Dia de finados: sobre saber viver
O Dia de Finados é uma data carregada de tristeza e pesar em nossa cultura. É o momento de lembrarmos os mortos com muita dor, saudade e até mesmo remorso. Desde criança fui ensinado a temer a morte. O medo era tanto que a morte se tornou algo muito grande e por muito tempo eu achei que a vida era parte da morte, quando deveria ser ao contrário.
Se olharmos ao redor, vemos que a nada na natureza se mede de maneira linear. Acabamos nos perdendo em nossa marcação de passagens temporais lineares, designando inícios e finais absolutos: acabou está acabado.
Olhe para as estações do ano e o eterno ciclo do recomeçar. O verão não termina para sempre, assim como nenhum inverno é eterno. Tudo nasce, se desenvolve e morre para voltar a nascer e dar sequência a essa eterna dança cósmica que é o universo. Tudo tem seu papel fundamental no balanço e equilíbrio fundamental das coisas. Sem as chuvas do verão não teríamos as flores desabrochando na primavera. Precisamos comer o fruto para plantar sua semente!
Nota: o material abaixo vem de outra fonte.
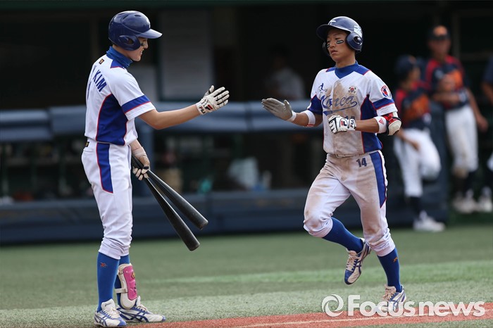 (서울=포커스뉴스) 1일 오후 서울 양천구 목동종합운동장에서 열린 2016 세계 청소년 야구 대회 대한민국과 일본 A조 경기 2회말 2사 1루 상황, 대한민국 변중섭이 홈런을 치고 홈 베이스로 들어오고 있다.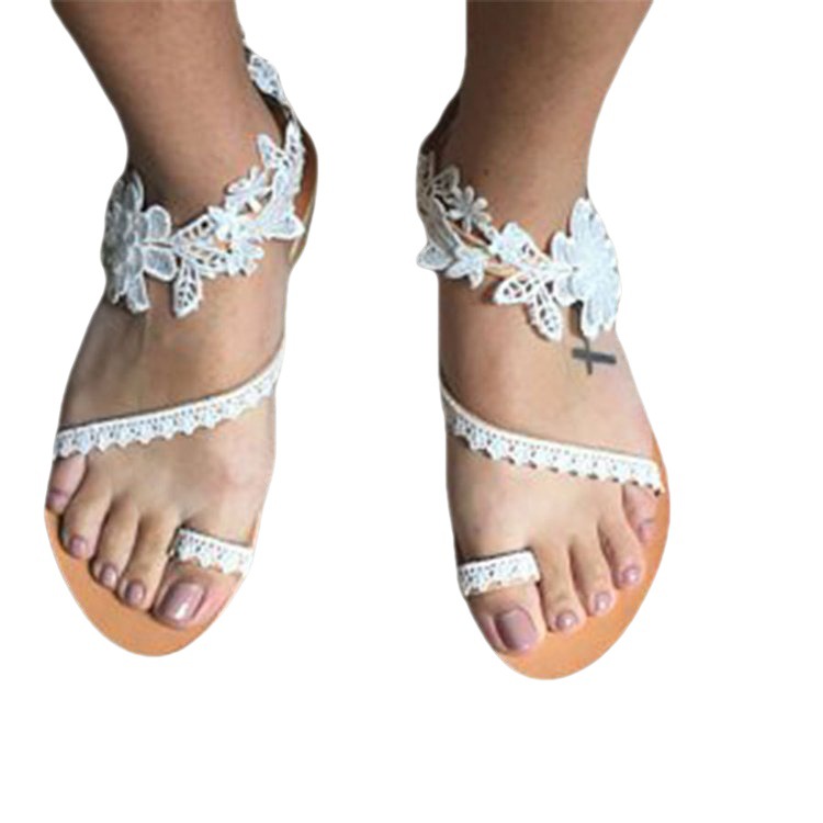 Breakj Breakj Solid-Colored Lace Lace Flowers Flat Sandals Large Size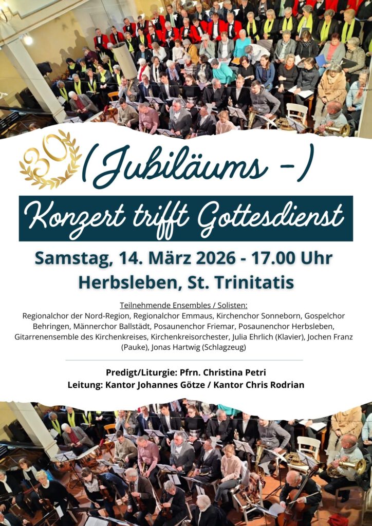 mit dem Behringer Gospelchor, dem Emmaus-Chor, dem Sonneborner Chor, dem Regionalchor Gotha-Nord, den Posaunenchören aus Friemar und Herbsleben, dem Kirchenorchester, dem Gitarren-Ensemble und Solisten.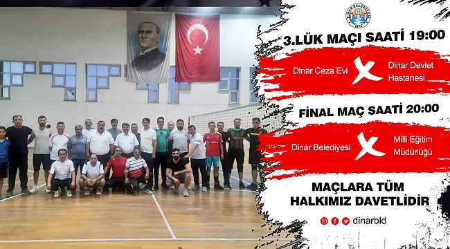 Dinar Belediye Başkanımız Nihat Sarı’nın sosyal belediyecilik çalışmaları kapsamında bu yıl 2.sini düzenlediğimiz Kurumlar Arası Voleybol Turnuvası bugün oynanacak olan maçlar ile sona eriyor.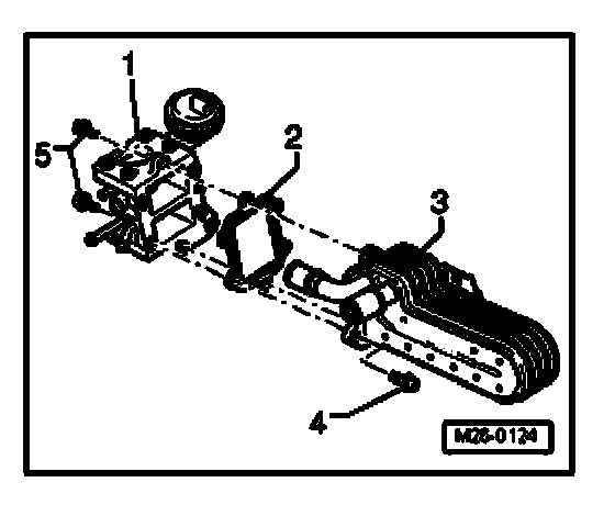 - Assemble bypass flap -1 - with seal - 2 - and two bolts - 5 - together with exhaust gas recirculation cooler - 3 - and tighten these bolts by hand.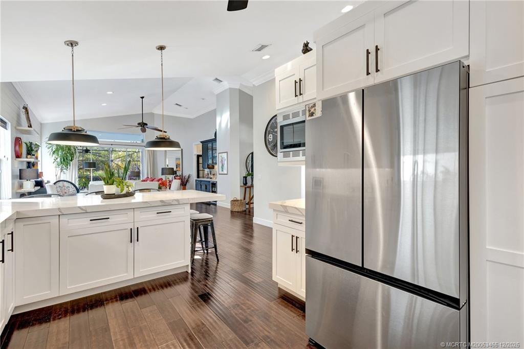 Redesigned by the сurrent οwner іn collаboration with Jeff Pаuleу Construction, this residence offers exceptional warmth, quality craftsmanship, and refined style—an ideal Florida pied-à-terre. The lush, private lot provides a stunning backdrop for the spa-quality pool and patio. Special features include new landscaping; engineered hardwood floors throughout; a redesigned kitchen with gas cooking, new quartz counters with deep overhang, and new refrigerator, microwave, dishwasher, and soft-close cabinetry. Additional enhancements include a new quartz bar, resurfaced patio and entry walkway in French-pattern design, resurfaced pool and spa, shiplap accent wall and barn door, custom built-in dresser and window seat in the guest room, California Closets, bistro lighting, and new washer and dryer.A required Club membership ensures access to Harbour Ridge’s unmatched lifestyle—perfectly complemented by this beautifully refined home.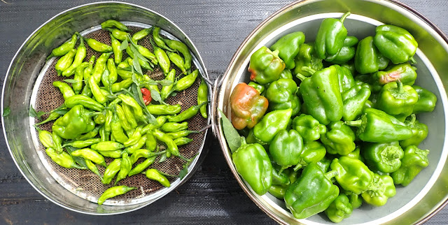 次週に伸ばしては、ミニトマトが割れてしまうので出来る範囲で収穫することにし、時間より早く専用畑に行き、ピーマンとシシトウを収穫開始。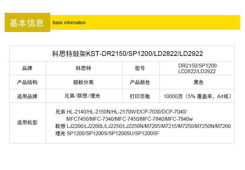 科思特DR-2150鼓架 适用兄弟MFC-7340 联想LD2822 LD2922 理光SP1200 专业版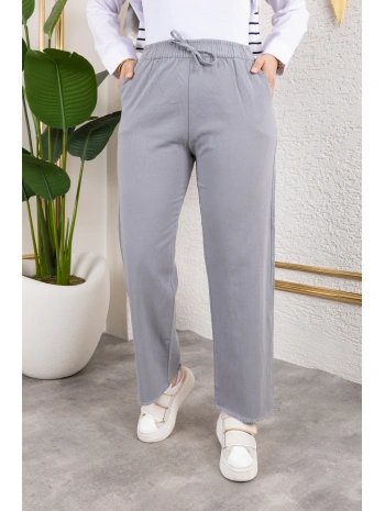 Beli Lastikli Kanvas Pantolon - Gri / A0104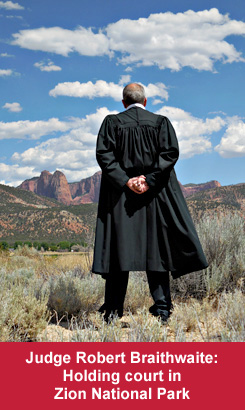 In addition to Utah’s national parks, Judge Braithwaite’s jurisdiction includes the state’s other vast federal lands, such as that owned by the U.S. Forest Service, Bureau of Land Management and the popular Lake Powell. It’s a huge territory, covering 28,000 square miles. Plus he is responsible for federal crimes committed on state land, such as bank robbery and certain drug offenses. To mete out justice, Braithwaite “rides the circuit,” spending one day a month in four locations around the state. And these are not trips around the block. To get to Big Water, where he hears cases emanating from Lake Powell, Braithwaite travels 150 miles – “none of it freeway,” he points out. “I drive over a mountain range, down into a valley and then the second half I’m driving across the desert.” His drive to Moab to hear cases is 300 miles.
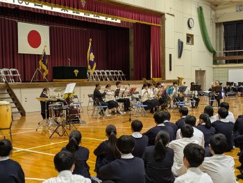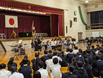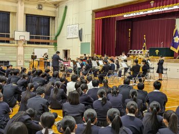 22日は吹奏楽部との合同練習、生徒会の交流、教員の情報交換を行い、23日は、全校生徒が参加し、姉妹校交歓式典、鹿児島商業高校音楽部と下商吹奏楽部との合同演奏会を行いました。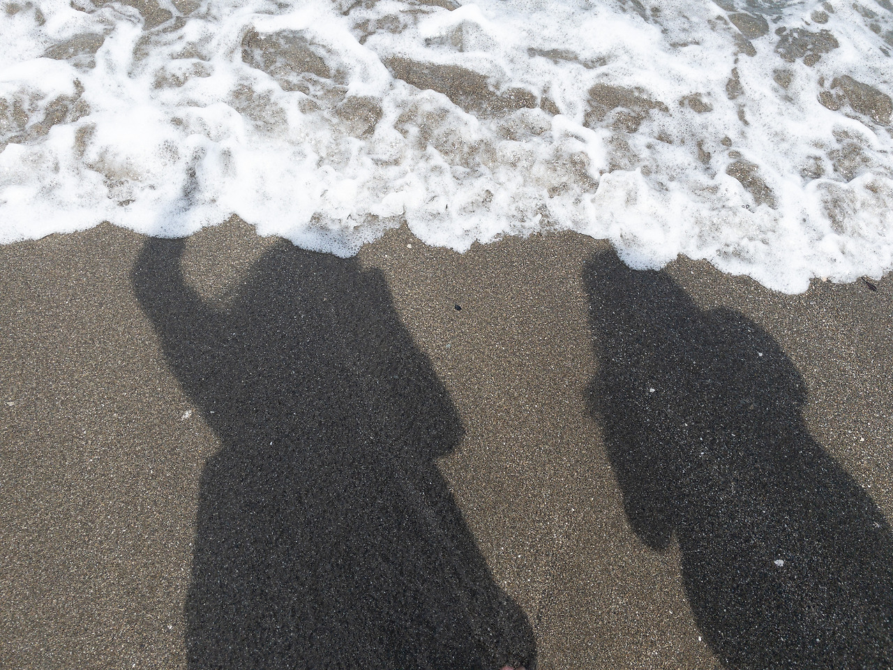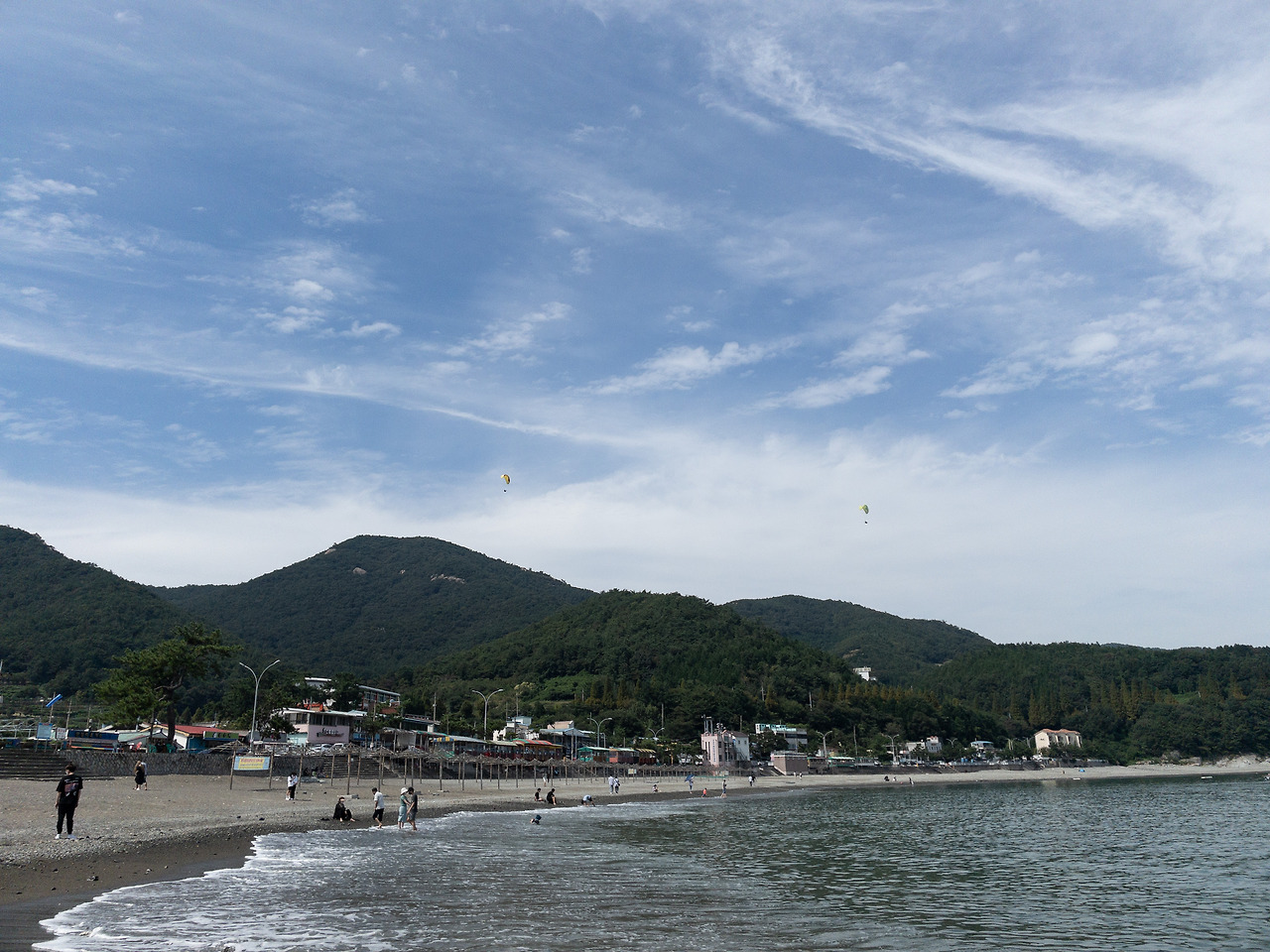 물은 차가웠고 파도는 거칠었으며 내가 밟은 모래는 미끄러워서 가만히 서있으면 모래 속으로 들어갈 것만 같았다. 어린아이처럼 파도가 올 때마다 "아악"하고 소리치며 웃었다. 발에 모래가 붙었다. 잠깐 계단 의자에 앉아 발을 말렸다. 그 시간 동안 우리보다 더 신나게 노는 방법을 아는 아이들을 봤다. 우리처럼 파도를 따라갔다가 피했다가를 반복하거나 아빠와 함께 물싸움하며 노는 아이들이 있었다. 아이를 좋아하지 않는데도 싱그러운 아이의 웃음은 기분이 좋아진다. 양말로 발에 묻은 모래를 털고 물을 닦아냈다.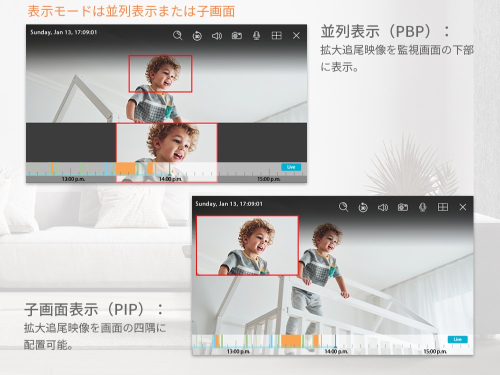 ・人体検知・転倒検知、デジタルズーム追跡機能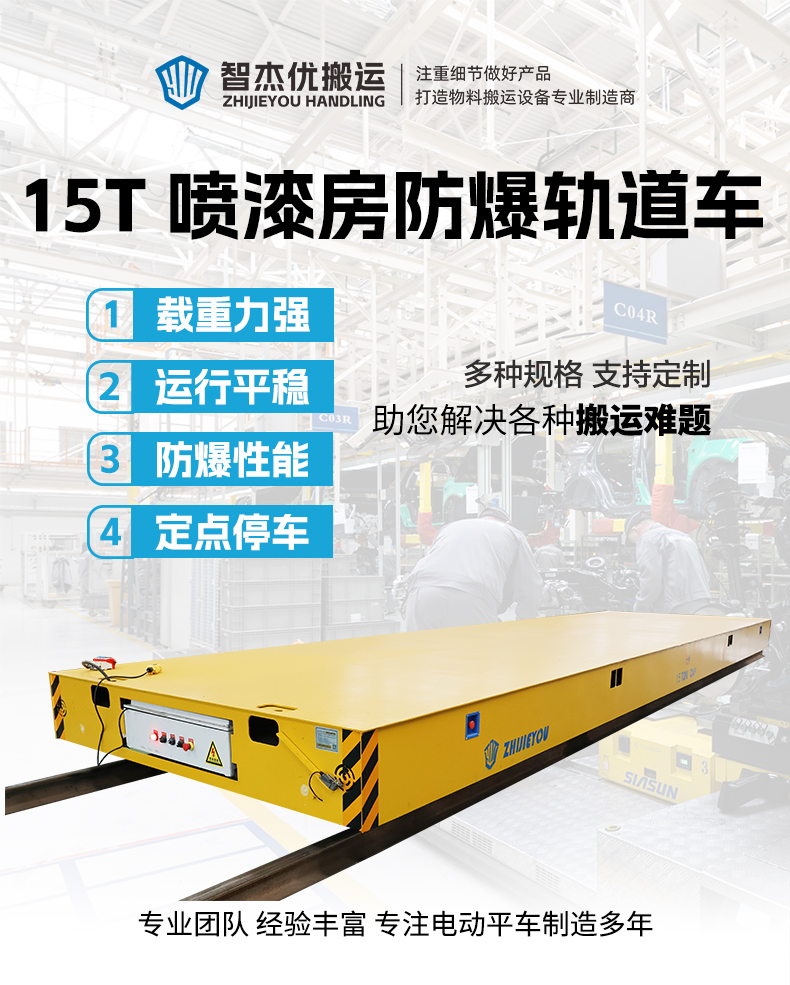 描   述: 專為噴漆房環(huán)境研制的電纜卷筒軌道平板車,整車長9米寬2.5米高0.55米額定載重15噸,主要用于工件進(jìn)入噴漆房進(jìn)行噴漆作業(yè)。低矮車身設(shè)計(jì)適應(yīng)噴漆房空間限制,便于大型工件進(jìn)出,外接控制盒控制平車進(jìn)出,采用外置電纜卷筒供電,可滿足全天候不間斷持續(xù)作業(yè),大大提高工件噴涂效率,電機(jī)及電器元件均具有一定防爆性能符合BT4等級防爆標(biāo)準(zhǔn),適應(yīng)易燃易爆惡劣環(huán)境下正常使用。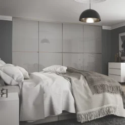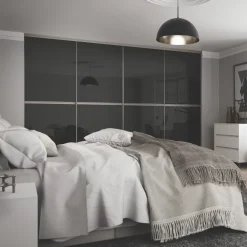 Spacepro Minimalist 4-Door Sliding Wardrobe Door Kit Silver Frame Grey Glass Panel 2416 X 2260mm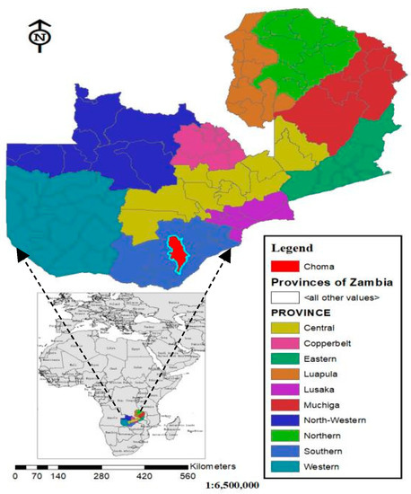 The study was conducted in Choma District, located in the Southern Province of Zambia, approximately within 26°30′–27°30′ E and 16°–17°45′ N, south of the equator on the plateau of Southern Zambia, and its land area is 7296 square kilometers (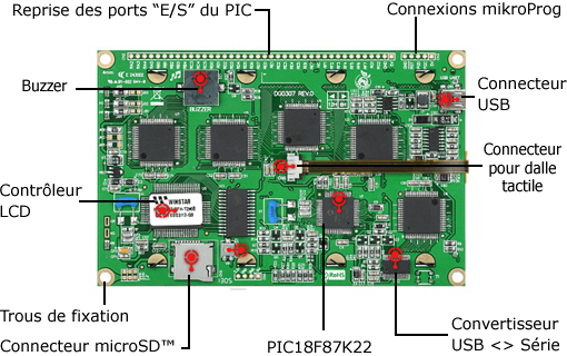 Une rangée de broches au pas de 2,54 mm permet la reprise des ports du microcontrôleur. Une seconde rangée de broches permet le raccordement de boîtier optionnel "mikroProg". Ce boîtier vous permettra de programmer le PIC de l'afficheur (sans utiliser son bootloader) et surtout de débugger votre application (à condition que vous programmiez celle-ci à l'aide d'un des compilateurs mikrorelektronika).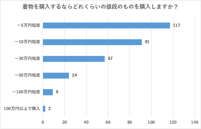 「着物を購入するならどれくらいの値段のものを購入しますか?」という設問に対して、「~5万円程度」と回答した方が多い結果となりました。

Temos muito medo de encerrar ciclos. Parece que há uma sombra, uma sensação de perda, que sempre acompanha os fins. Sejam relacionamentos que chegam ao seu desfecho, seja o fim da vida de alguém, o mistério que paira no ar é assustador. O final deixa sempre uma lacuna que tentamos a todo custo preencher: o que há do outro lado? A vida continua?
A vida sempre continua. As folhas que caem no outono dão espaço para as que nascerão na primavera. Um dia não estaremos mais aqui, sabemos que este corpo tem um prazo de validade. Do que adianta tentar fugir disso? Somos tão parte da natureza quanto qualquer planta e fruto! Estamos sujeitos às mesmas leis e ciclos que tudo que existe. Cabe a nós aproveitar as nossas vidas com muita suavidade, leveza e sabedoria, sabendo a hora de deixar ir tudo aquilo que precisa passar por nós.
Precisamos fazer as pazes com a morte, e o melhor jeito é compreendendo seu papel essencial na cadeia da vida. Você é a soma de todos os encontros de todos os seus ancestrais, encontros estes que tiveram início há muito, muito tempo atrás. Todos aqueles que morreram antes de você pavimentaram o caminho até aqui. A morte de cada um deles foi a finalização de um ciclo para dar espaço para novos ciclos, inclusive este que você chama de vida! O Dia de Los Muertos, data em que os mexicanos relembram seus mortos, é uma festa de pura alegria, cheia de cores, comida e música. É uma maneira de honrar e homenagear a importância de todos aqueles que vieram antes de nós. É festejar a vida, inclusive a morte, que é parte dela.
A cada dia, um dia a mais ou um dia a menos? É você quem escolhe como encara a vida. A cada dia aprendemos, crescemos, lutamos, vivemos. Nascemos pela manhã, desenvolvemo-nos pelo dia e morremos durante a noite, para que amanheça um novo começo no dia que segue. Você estaria disposta a viver exatamente o mesmo dia, todos os dias de sua vida? Então qual a razão de se agarrar e querer se prender ao que já passou, ao que não te serve mais? É muito sábio e muito dolorido ao mesmo tempo encerrar ciclos, mas acima de tudo, é necessário.
Deixe a morte transformar a sua vida. A morte de hábitos que não contribuem mais para seu crescimento, a morte de sentimentos que te aprisionam em uma versão infeliz e inferior daquela que você poderia ser, deixe que morram as mágoas e tudo aquilo que não contribui mais para o seu crescimento. Agradeça, pois tudo que já fez parte de você também é seu ancestral, também faz parte do que abriu o caminho para que você chegasse até aqui. Agradeça pelas lições e esteja pronta para o renascimento.
Saiba morrer a cada dia para que quando chegar a hora da grande morte, possa sentir que morreu como alguém que soube viver!